◆ Information provided:
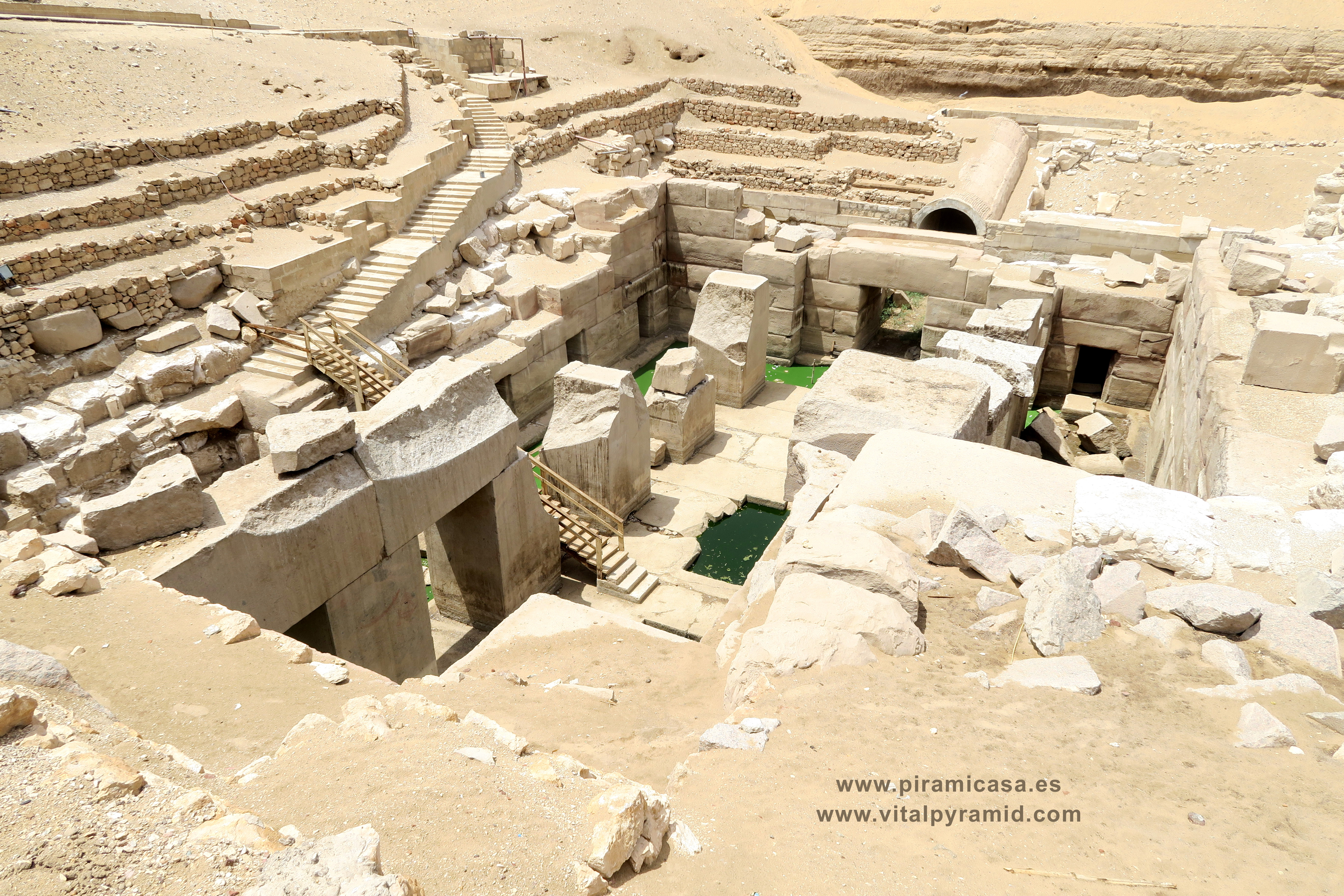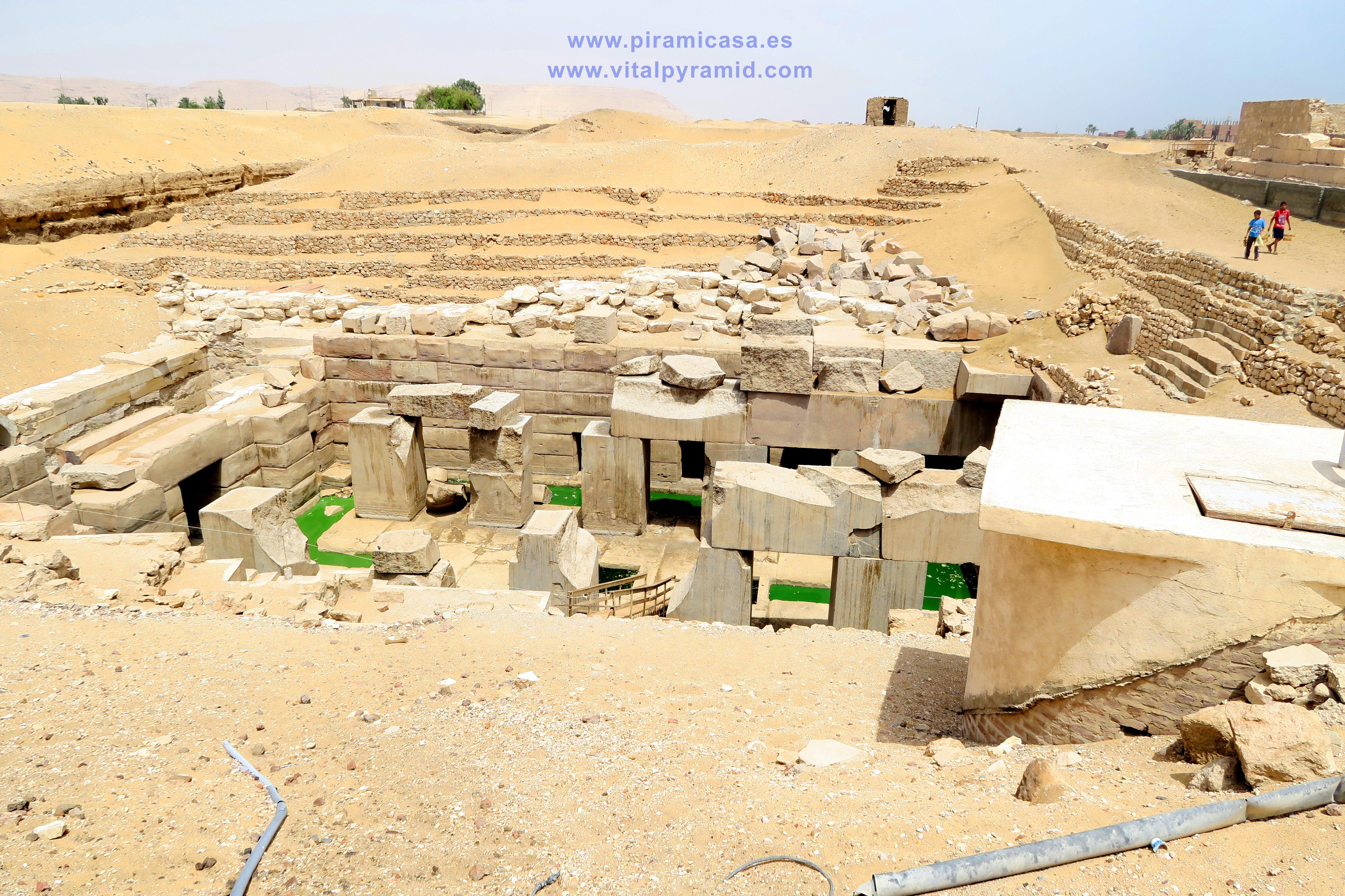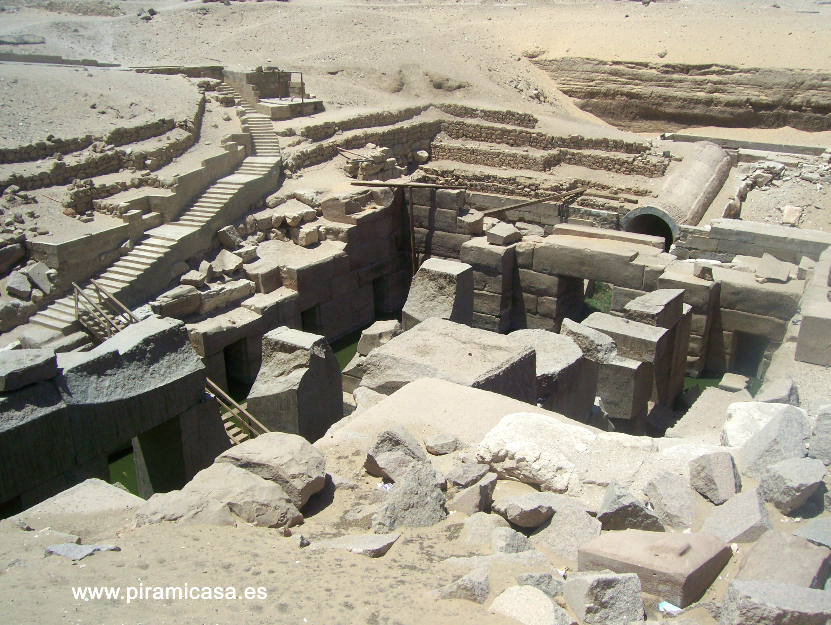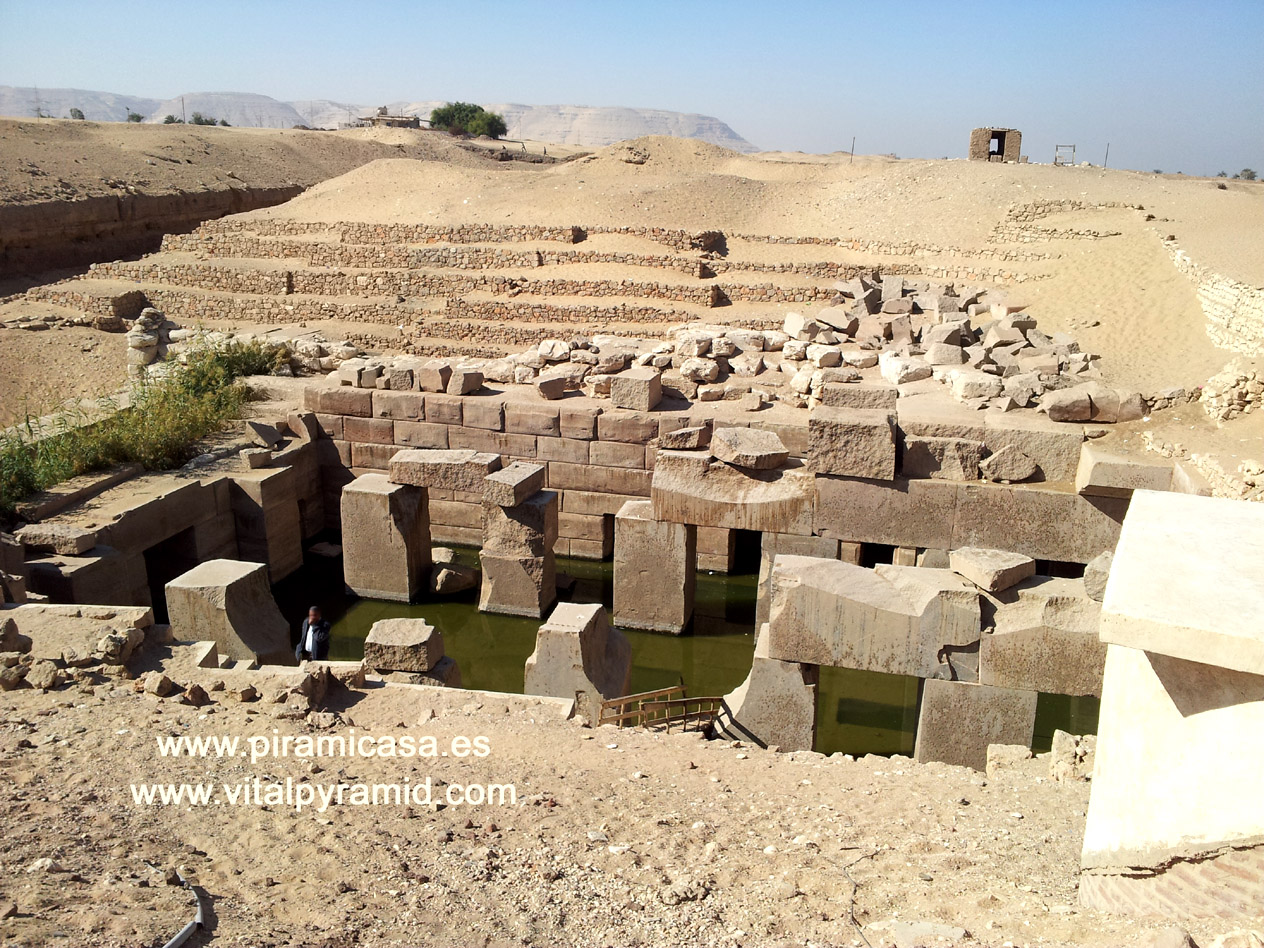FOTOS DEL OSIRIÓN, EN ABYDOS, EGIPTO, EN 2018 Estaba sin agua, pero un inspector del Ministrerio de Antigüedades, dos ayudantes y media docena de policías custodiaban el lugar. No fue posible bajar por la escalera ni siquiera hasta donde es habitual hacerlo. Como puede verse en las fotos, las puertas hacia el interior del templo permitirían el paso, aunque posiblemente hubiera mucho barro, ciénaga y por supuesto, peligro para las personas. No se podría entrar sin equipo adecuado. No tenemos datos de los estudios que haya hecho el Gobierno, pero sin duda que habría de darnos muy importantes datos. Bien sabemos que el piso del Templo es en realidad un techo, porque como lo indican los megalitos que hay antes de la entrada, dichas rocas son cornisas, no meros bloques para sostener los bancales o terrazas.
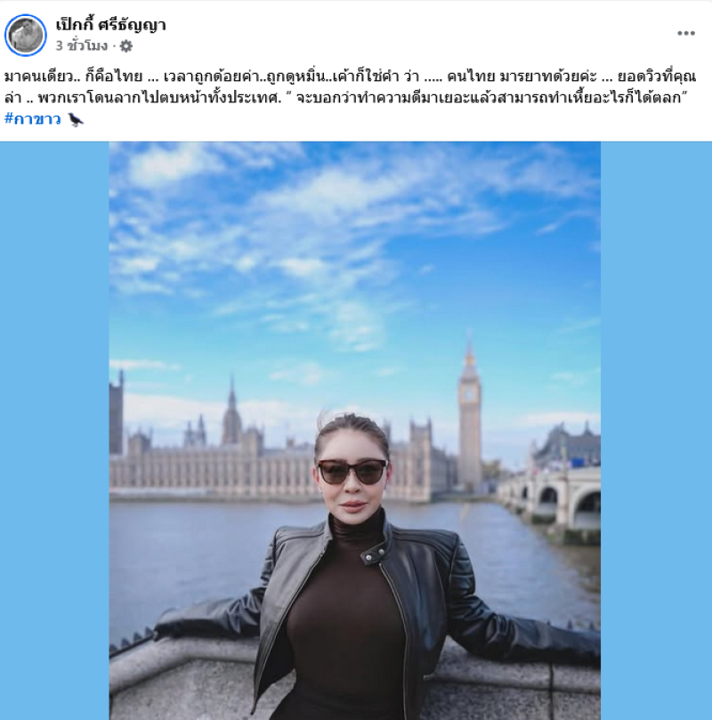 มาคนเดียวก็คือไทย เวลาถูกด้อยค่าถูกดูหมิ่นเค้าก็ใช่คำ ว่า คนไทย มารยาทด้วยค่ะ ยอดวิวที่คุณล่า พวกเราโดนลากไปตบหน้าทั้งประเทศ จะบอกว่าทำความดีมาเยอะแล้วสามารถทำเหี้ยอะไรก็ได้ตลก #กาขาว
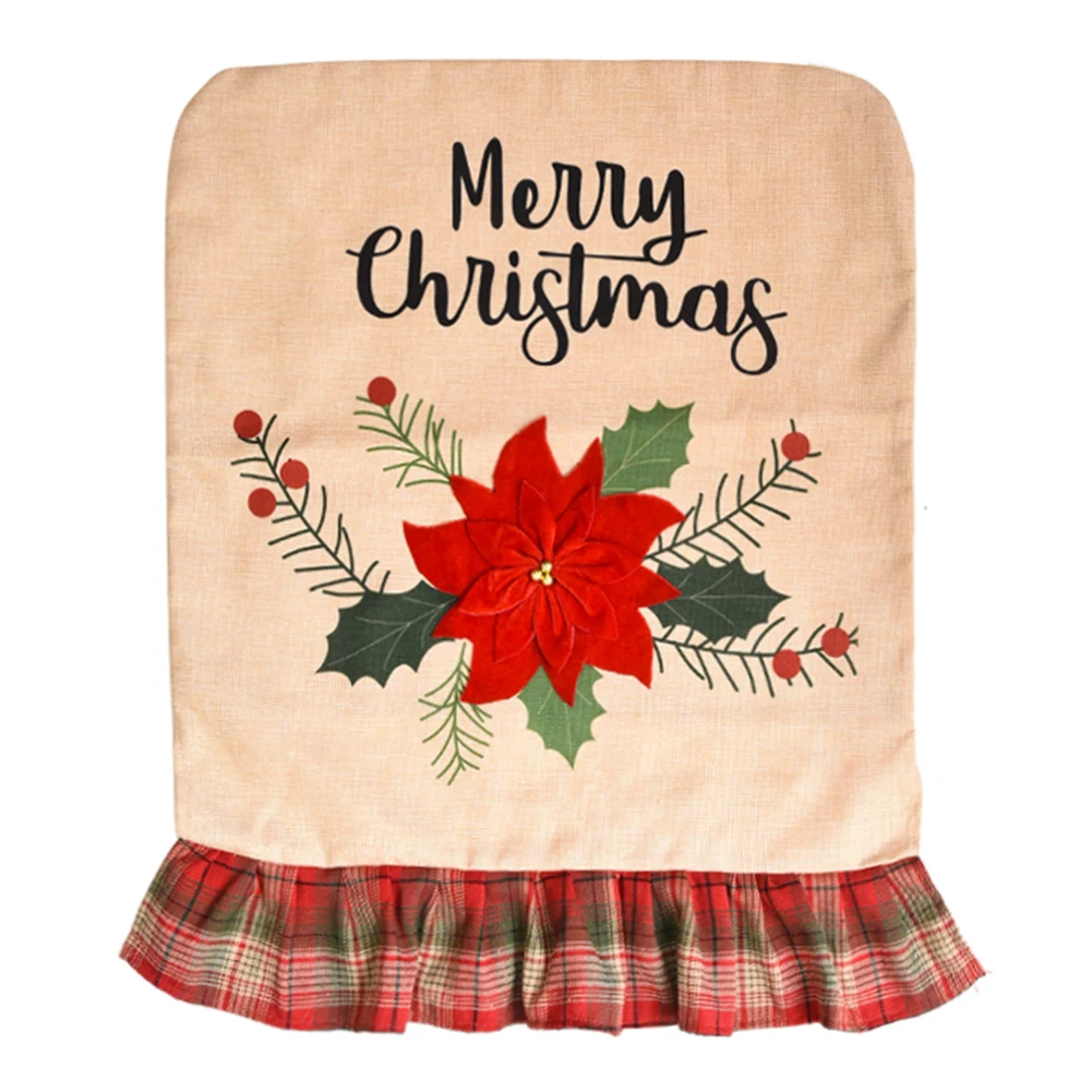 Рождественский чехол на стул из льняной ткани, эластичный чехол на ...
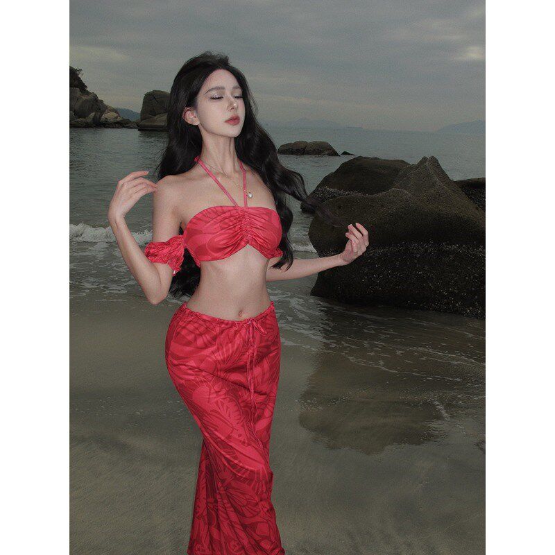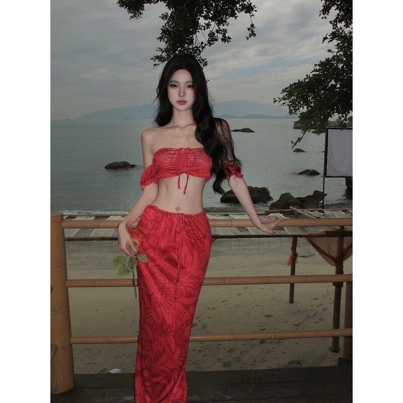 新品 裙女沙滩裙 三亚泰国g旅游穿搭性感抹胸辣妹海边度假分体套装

◆ Required work: Retype the data exactly as it stands, but keep the images out of your copy.

◆ Response to this task:
FOTOS DEL OSIRIÓN, EN ABYDOS, EGIPTO, EN 2018 Estaba sin agua, pero un inspector del Ministrerio de Antigüedades, dos ayudantes y media docena de policías custodiaban el lugar. No fue posible bajar por la escalera ni siquiera hasta donde es habitual hacerlo. Como puede verse en las fotos, las puertas hacia el interior del templo permitirían el paso, aunque posiblemente hubiera mucho barro, ciénaga y por supuesto, peligro para las personas. No se podría entrar sin equipo adecuado. No tenemos datos de los estudios que haya hecho el Gobierno, pero sin duda que habría de darnos muy importantes datos. Bien sabemos que el piso del Templo es en realidad un techo, porque como lo indican los megalitos que hay antes de la entrada, dichas rocas son cornisas, no meros bloques para sostener los bancales o terrazas.
 มาคนเดียวก็คือไทย เวลาถูกด้อยค่าถูกดูหมิ่นเค้าก็ใช่คำ ว่า คนไทย มารยาทด้วยค่ะ ยอดวิวที่คุณล่า พวกเราโดนลากไปตบหน้าทั้งประเทศ จะบอกว่าทำความดีมาเยอะแล้วสามารถทำเหี้ยอะไรก็ได้ตลก #กาขาว
 Рождественский чехол на стул из льняной ткани, эластичный чехол на ...
 新品 裙女沙滩裙 三亚泰国g旅游穿搭性感抹胸辣妹海边度假分体套装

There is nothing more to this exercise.